Dikatakannya penting bagaimana saat ini untuk memperketat akses internet dengan setiap orang yang menggunakan internet bisa diketahui identitasnya supaya tidak ada identitas palsu.
"Bila identitasnya jelas, orang yang sudah mikir aneh-aneh bisa cepat ketahuan," ucapnya.
Dikatakan Arief dahulu setiap orang yang menggunakan nomor telepon seluler harus mengisi formulir untuk mendaftarnya sehingga jelas siapa pemakainya.

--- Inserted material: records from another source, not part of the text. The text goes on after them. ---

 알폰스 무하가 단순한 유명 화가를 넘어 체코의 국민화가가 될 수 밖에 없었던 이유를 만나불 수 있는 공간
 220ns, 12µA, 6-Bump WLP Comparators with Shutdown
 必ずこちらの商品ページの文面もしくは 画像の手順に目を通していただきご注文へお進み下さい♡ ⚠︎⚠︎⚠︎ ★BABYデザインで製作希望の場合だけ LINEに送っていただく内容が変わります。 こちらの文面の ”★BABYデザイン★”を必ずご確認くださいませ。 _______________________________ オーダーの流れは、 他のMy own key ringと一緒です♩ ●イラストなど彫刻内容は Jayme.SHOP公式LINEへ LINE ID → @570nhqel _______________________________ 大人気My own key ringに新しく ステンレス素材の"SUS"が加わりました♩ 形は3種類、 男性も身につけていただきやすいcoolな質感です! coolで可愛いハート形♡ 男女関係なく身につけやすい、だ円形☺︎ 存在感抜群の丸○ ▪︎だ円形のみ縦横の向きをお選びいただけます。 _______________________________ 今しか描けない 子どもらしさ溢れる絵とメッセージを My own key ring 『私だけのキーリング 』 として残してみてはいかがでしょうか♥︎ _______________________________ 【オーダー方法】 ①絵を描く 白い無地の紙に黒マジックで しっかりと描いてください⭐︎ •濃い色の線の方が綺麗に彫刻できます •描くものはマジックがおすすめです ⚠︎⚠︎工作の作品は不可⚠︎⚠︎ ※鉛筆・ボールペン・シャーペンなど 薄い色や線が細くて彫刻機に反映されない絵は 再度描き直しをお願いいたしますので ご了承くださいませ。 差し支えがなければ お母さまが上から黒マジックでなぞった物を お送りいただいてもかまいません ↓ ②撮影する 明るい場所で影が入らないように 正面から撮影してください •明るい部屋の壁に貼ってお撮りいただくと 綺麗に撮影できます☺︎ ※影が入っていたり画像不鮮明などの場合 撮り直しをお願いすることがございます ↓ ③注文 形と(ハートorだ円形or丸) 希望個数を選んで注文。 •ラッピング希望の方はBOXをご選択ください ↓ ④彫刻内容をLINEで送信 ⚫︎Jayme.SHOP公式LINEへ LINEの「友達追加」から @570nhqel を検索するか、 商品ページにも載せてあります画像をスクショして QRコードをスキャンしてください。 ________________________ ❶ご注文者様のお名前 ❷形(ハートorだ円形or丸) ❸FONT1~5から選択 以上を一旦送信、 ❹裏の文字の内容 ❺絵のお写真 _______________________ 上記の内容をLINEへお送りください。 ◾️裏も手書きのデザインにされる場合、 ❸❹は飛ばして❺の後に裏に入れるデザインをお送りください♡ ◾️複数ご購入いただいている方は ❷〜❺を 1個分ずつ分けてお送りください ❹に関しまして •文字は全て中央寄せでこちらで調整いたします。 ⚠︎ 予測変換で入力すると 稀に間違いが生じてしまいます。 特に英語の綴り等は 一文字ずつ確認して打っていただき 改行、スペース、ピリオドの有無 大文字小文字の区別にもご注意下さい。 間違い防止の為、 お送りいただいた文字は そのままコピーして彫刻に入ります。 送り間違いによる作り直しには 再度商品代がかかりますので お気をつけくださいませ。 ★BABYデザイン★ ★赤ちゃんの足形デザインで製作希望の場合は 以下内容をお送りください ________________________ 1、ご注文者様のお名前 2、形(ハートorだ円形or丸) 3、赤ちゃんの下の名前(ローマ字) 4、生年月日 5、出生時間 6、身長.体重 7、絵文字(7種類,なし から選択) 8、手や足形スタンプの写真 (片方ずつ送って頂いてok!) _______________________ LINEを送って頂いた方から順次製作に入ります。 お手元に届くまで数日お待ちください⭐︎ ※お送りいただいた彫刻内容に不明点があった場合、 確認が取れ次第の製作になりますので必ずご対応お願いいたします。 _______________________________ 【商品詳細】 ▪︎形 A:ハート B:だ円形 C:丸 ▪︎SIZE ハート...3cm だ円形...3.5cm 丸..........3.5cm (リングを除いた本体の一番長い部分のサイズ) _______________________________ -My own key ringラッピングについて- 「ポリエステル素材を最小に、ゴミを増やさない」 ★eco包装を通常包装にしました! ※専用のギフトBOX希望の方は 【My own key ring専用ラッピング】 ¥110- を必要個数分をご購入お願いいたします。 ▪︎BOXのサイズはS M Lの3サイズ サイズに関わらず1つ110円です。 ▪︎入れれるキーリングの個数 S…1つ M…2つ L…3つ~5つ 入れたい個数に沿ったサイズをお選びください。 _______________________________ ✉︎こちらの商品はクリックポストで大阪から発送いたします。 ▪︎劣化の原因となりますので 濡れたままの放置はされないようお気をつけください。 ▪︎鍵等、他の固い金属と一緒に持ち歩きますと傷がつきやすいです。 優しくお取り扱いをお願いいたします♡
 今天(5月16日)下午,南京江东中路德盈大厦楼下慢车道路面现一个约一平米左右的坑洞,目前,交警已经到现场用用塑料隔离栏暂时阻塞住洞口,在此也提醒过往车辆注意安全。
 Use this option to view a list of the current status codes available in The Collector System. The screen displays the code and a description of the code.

Dengan harga yang murah seperti saat ini justru rentan dengan terjadinya penyalahgunaan.
"Dulu tidak ada prabayar, pascabayar semua, sehingga harus mengisi formulir. Kenapa dulu bisa, sekarang tidak bisa? Jadi jangan hanya mementingkan bisnis, tapi keamanan bagi masyarakat pun perlu diperhitungkan," ungkapnya.

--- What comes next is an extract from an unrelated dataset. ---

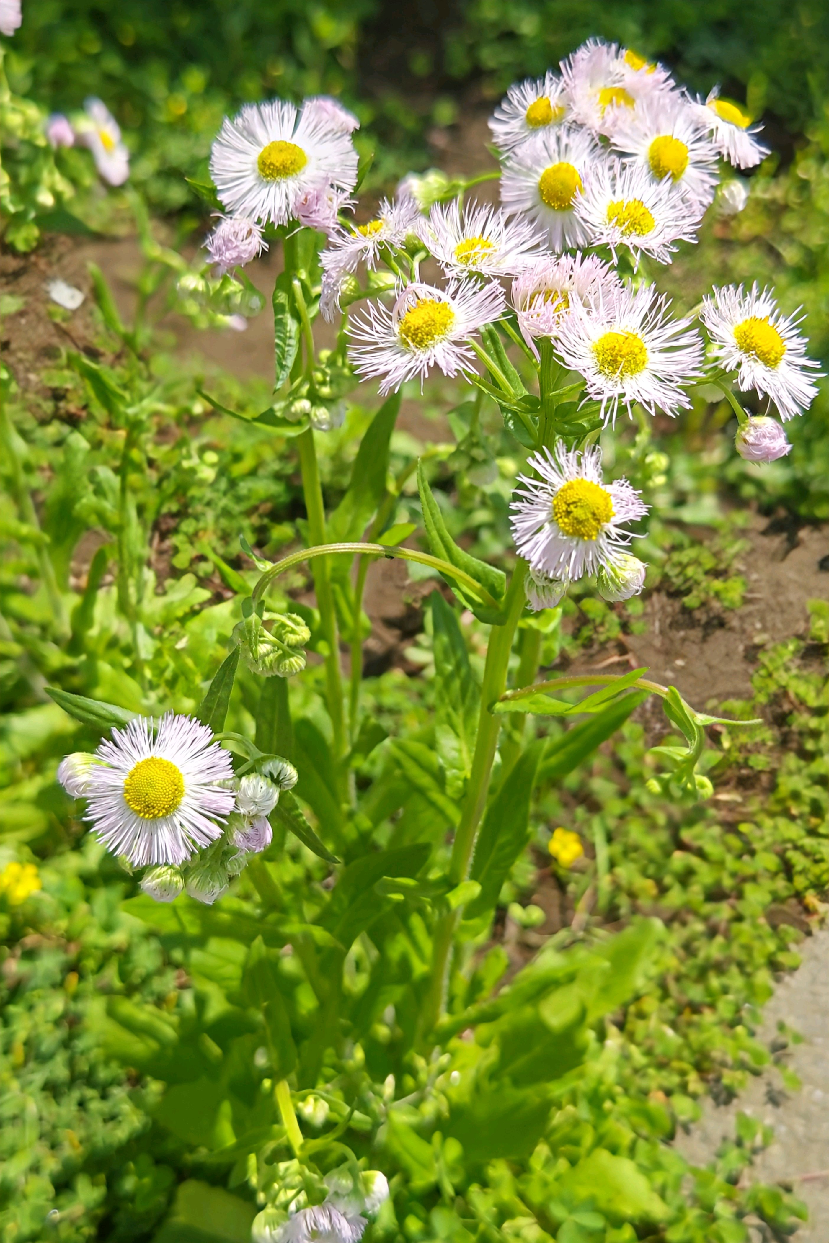 蕾を下にうなだれて、ハルジオン開花

Deden Martakusumah (28) ditangkap tim Bareskrim Polri di sebuah rumah kost-kostan yang terletak di Jalan H Akbar Nomor 46 Kelurahan Pasir Kaliki, Kecamatan Cicendo, Bandung, Jawa Barat sekitar sekitar pukul 03.00 WIB, Senin (24/2/2014).

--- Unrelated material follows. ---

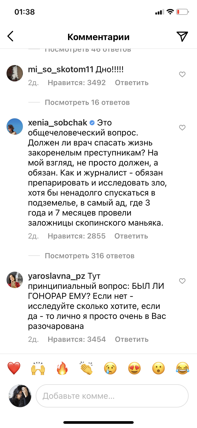 Сама Собчак после этого на своей странице в Инстаграме опубликовала пост, в котором заявила, что была готова к волне критики в свой адрес. Но она считает, что героями сюжетов необязательно должны быть только хорошие люди, а настоящий журналист, по ее мнению, смог бы пообщаться и с Гитлером.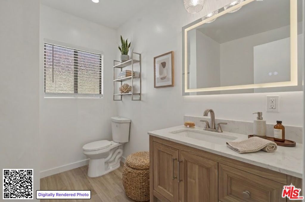 Completely remodeled 2 bedroom 1 bathroom unit located in East Hollywood just minutes from Los Feliz. The unit features a clean, modern finish throughout with new flooring, recessed lighting, and a spacious open layout. The kitchen has been fully updated with new cabinetry, countertops, and includes a refrigerator, microwave, and oven/stove. The bathroom has also been renovated with a modern vanity and lighted mirror.

Penangkapan tersebut terkait dengan bisnis online pornografi anak yang sudah dilakoninya sejak tahun 2012. Dalam menjalankan bisnis haramnya tersebut, Deden mengelola tiga buah website porno diantaranya nu****.com, bo*******.com, dan sa*****.co***.com yang berisi kurang lebih 14 ribu buah video porno.
Modus yang dilakukan Deden menjajakan video porno di dunia maya adalah dengan mendapatkan video porno dari internet, kemudian diupload di website yang dikelolanya. Dalam website yang dikelolanya pelaku mencantumkan cara mendaftar sebagai member. Setiap member yang mendaftar ditawarkan paket seharga Rp 30 000 sedangkan Rp 800 000 dan sebagai konfirmasi paket, pelaku memberikan kode kepada pembeli berupa angka dibelakang harga paket.
Dalam kasus tersebut, polisi menyita 2 buah handphone, satu buah laptop, satu buah modem, tiga buah kartu ATM (BCA, BRI, dan MANDIRI), dan 3 buah buku tabungan (BCA, BRI dan MANDIRI).
Terhadap Deden kepolisian menjeratnya dengan pasal 29 Undang-undang Nomor 44 Tahun 2008 tentang Pornografi dengan sanksi hukuman paling lama 12 tahun dan atau denda paling banyak Rp 6 miliar, pasal 27 ayat (1) jo pasal 52 Undang-undang ITE dengan sanksi hukuman maksimal 8 tahun dan atau denda paling banyak Rp 1 miliar. Terhadap kedua pasal tersebut pun ditambah 1/3 dari maksimum ancaman pidana, karena pelaku melibatkan anak-anak dalam kegiatan dan atau menjadikan anak sebagai objek.